Bob’s post-SFS life has been marked by both joy and sadness. Marge passed away in 2003. Their son, John, with whom Bob worked in the masonry business, died three years later. Since 2008, Bob has taught adult education courses at Johns Hopkins’ Osher Lifelong Learning Institute. His offerings include Bellow, Malamud and Roth and Tolstoy’s Short Stories. He has also taught entire courses centered upon single literary masterworks: War and Peace, The Brothers Karamazov and Ulysses. By the way, Bob was introduced to the Hopkins program by a woman named Floss Tiemann, whom he now slyly refers to as “my roommate.”

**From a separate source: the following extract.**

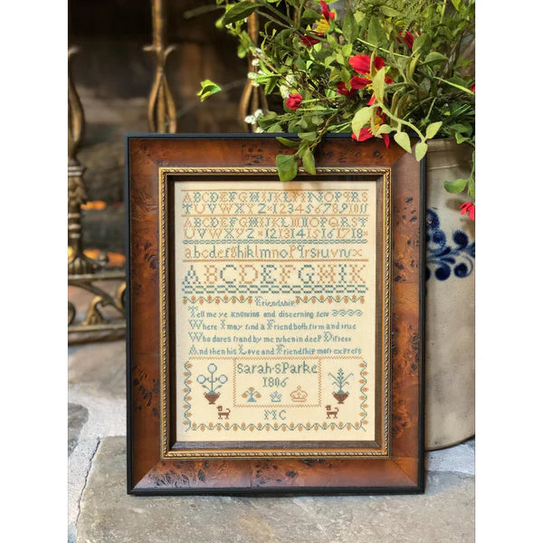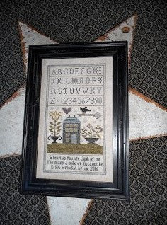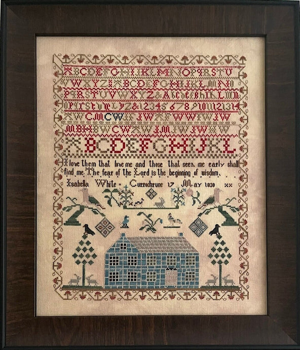 Caroline Broomhead 1838 Sampler Model stitched on 36 ct. Ligonier Latte linen...- Regular price

Apart from his pedagogical endeavors, Bob enjoys playing chess every Saturday with son Jim, a senior analyst at the Institute for Defense Analysis. Wednesdays are for tennis matches with friends he laughingly refers to as the “Geriatric Group.” Apparently they are healthy bunch: one member is a 94 year old retired psychiatrist. What spare time Bob has is devoted to engaging with his 15 grandchildren and 15 great-grandchildren. Two more great-grandkids are, as he puts it, “in the oven.” Bob proudly informed me that one grandson, Dustin, penned a New York Times bestseller, The Rule of Four, while he was in med school. Doesn’t surprise me one bit: Dustin obviously inherited those Thomason genes!

As I was leaving campus to interview Bob for this article, I happened to run into a member of the class of 1987, a Swarthmore graduate with a Ph.D. in clinical psychology. I told her I was about to have lunch with “Mr. Thomason,” wondering if she had taken any of his classes. “Are you kidding?” the alumna asked. “He taught me how to write! Please tell him I am eternally grateful.” I was not at all surprised by this typical Thomason accolade. So many of us in the Sidwell Friends community feel gratitude for what this extraordinary man has given us.